The Rise of the AI-Risk Officer
The head of HR had bad news. The bank couldn’t fill its open AI compliance role. No qualified applicants.
Nationwide, McKinsey reported that while demand for data scientists remains high, it’s AI-risk officers—people who bridge compliance, ethics, and machine learning—that banks are scrambling hardest to hire.
“Then we build our own,” said the CRO. “Rotations. Compliance staff shadow the data team. Engineers learn what a regulator thinks like.”
Smart move. Atlantic Trust wouldn’t be alone. More banks are starting cross-functional upskilling to break silos between cyber, risk, and AI. The age of the siloed specialist is fading.
Five Moves Before the Next Strategy Offsite
By the time coffee arrived, the board had jotted five clear priorities. They looked mundane. They were anything but.
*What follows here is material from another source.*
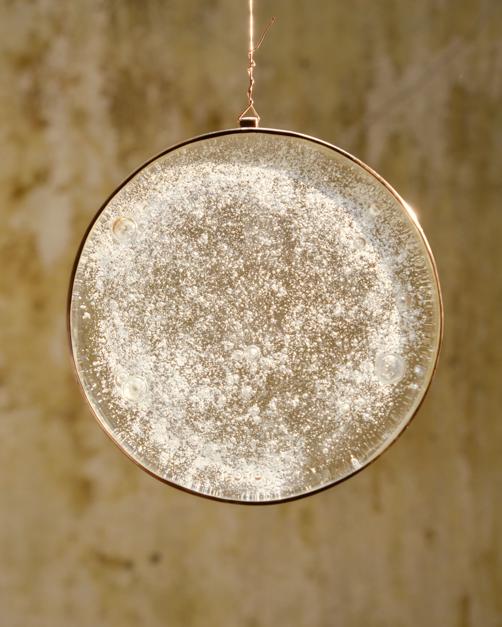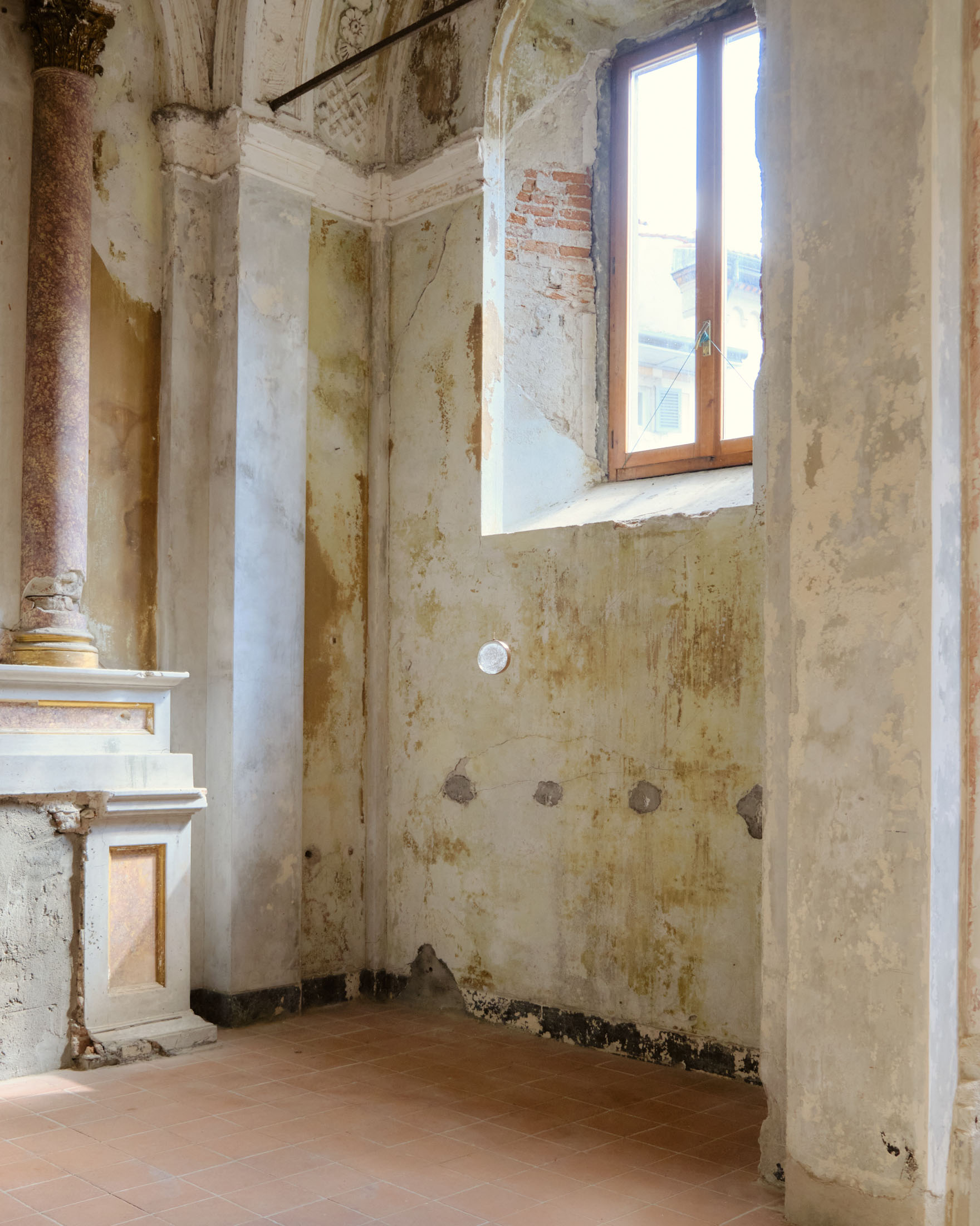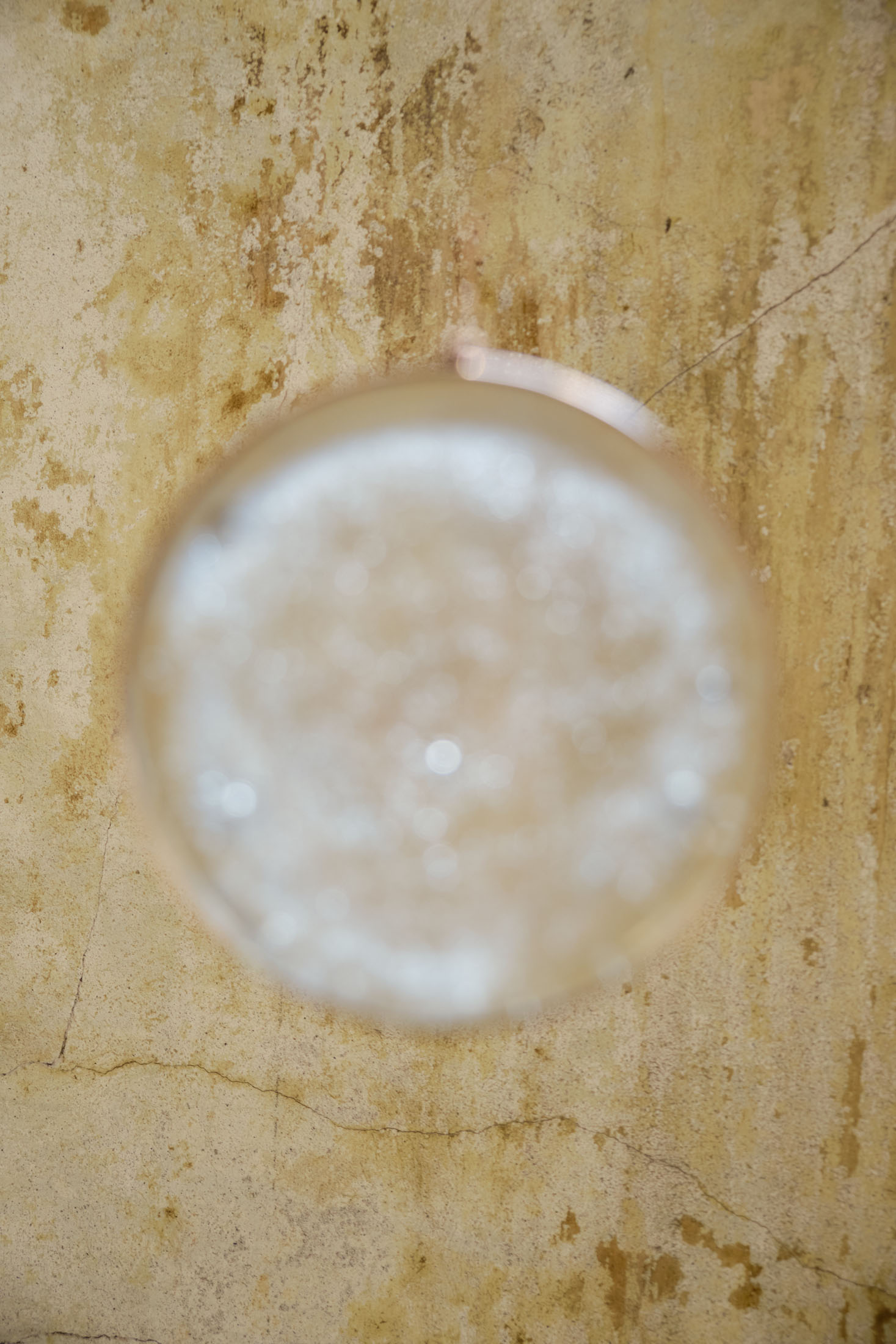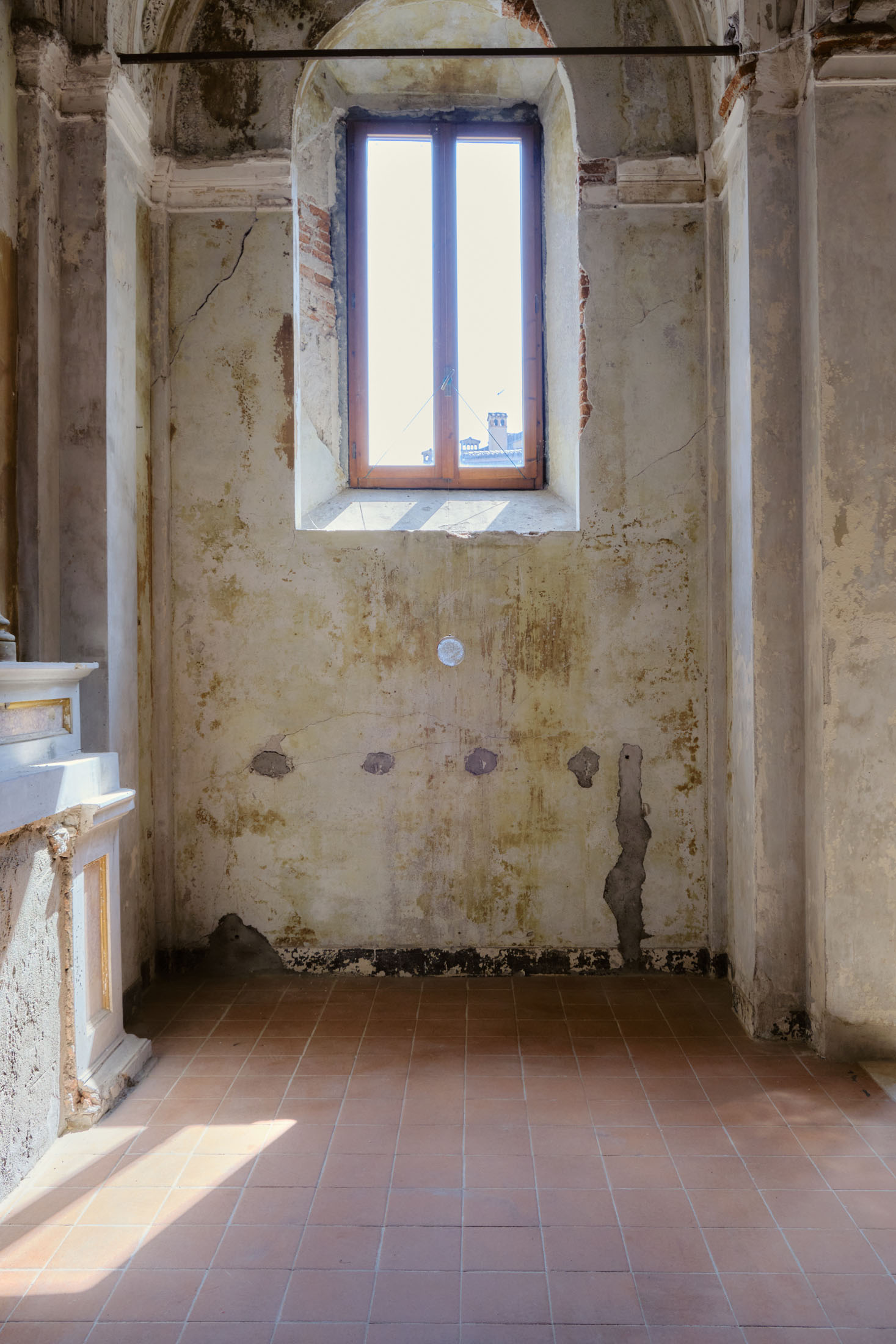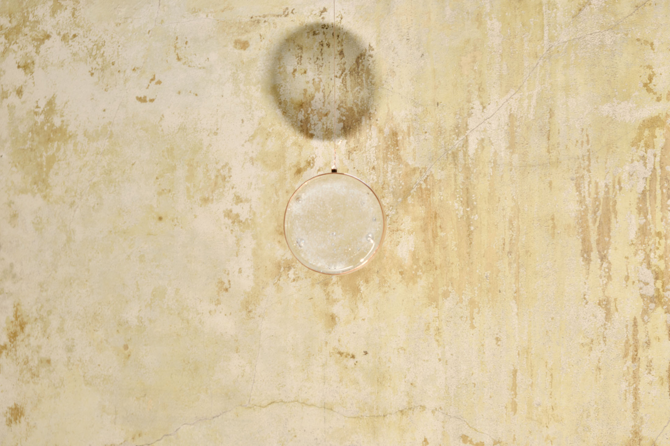 The work Limes, suspended instead under the dome of the presbytery, is inspired by the concept of limit and frontier. When the body of a wolf is found, according to Italian law, it must be cremated in specialised centres. In Limes, the ashes of a wolf were scattered inside molten crystal, later cast into moulds in the shape of the work. The ancient Romans, who feared and admired the wolf that looked after them, were the first to make glass windows to protect their dwellings and called limes the boundary, of the house as well as of the empire. A glass window that usually separates the animal and human worlds, in this case, brings them together, acting as a transpa-rent barrier between two universes. Where the altar refers to the point where the divine meets the human, the work constitutes a meeting point.

Move | First Action | What to Track |
---|---|---|
Name an AI czar | Assign CRO or CISO formal responsibility | Residual AI risk vs. stated appetite |
Build a Governance Hub | Centralize model inventories and policy exceptions | % of models with current documentation |
Redesign a single process | Start with something high-volume (fraud, onboarding) | Time-to-decision, pre/post accuracy |
Enforce explainability | Make transparency a purchase condition | % of vendors providing XAI-ready output |
Track value + risk | Create twin dashboards for ROI and KRI | Cost savings vs. drift alerts, side by side |
Ambition + Discipline Wins the Race
The meeting at Atlantic Trust didn’t end with applause. It ended with a quiet resolve.
They would pilot a workflow overhaul before year-end. Every Gen-AI vendor would be reevaluated for transparency. An AI governance charter would be written—and owned by someone with teeth.
As chairs scraped and briefcases clicked shut, the CEO paused, one hand still on the table.
“We don’t need to be early adopters,” he said. “We need to be surgical. Disciplined. We govern money like oxygen. Let’s govern machines the same way.”
He nodded to the CISO.
“Start drafting.”
Reference
McKinsey & Company. (2025, March). The state of AI: How organizations are rewiring to capture value. Global survey of 1,491 executives. Link.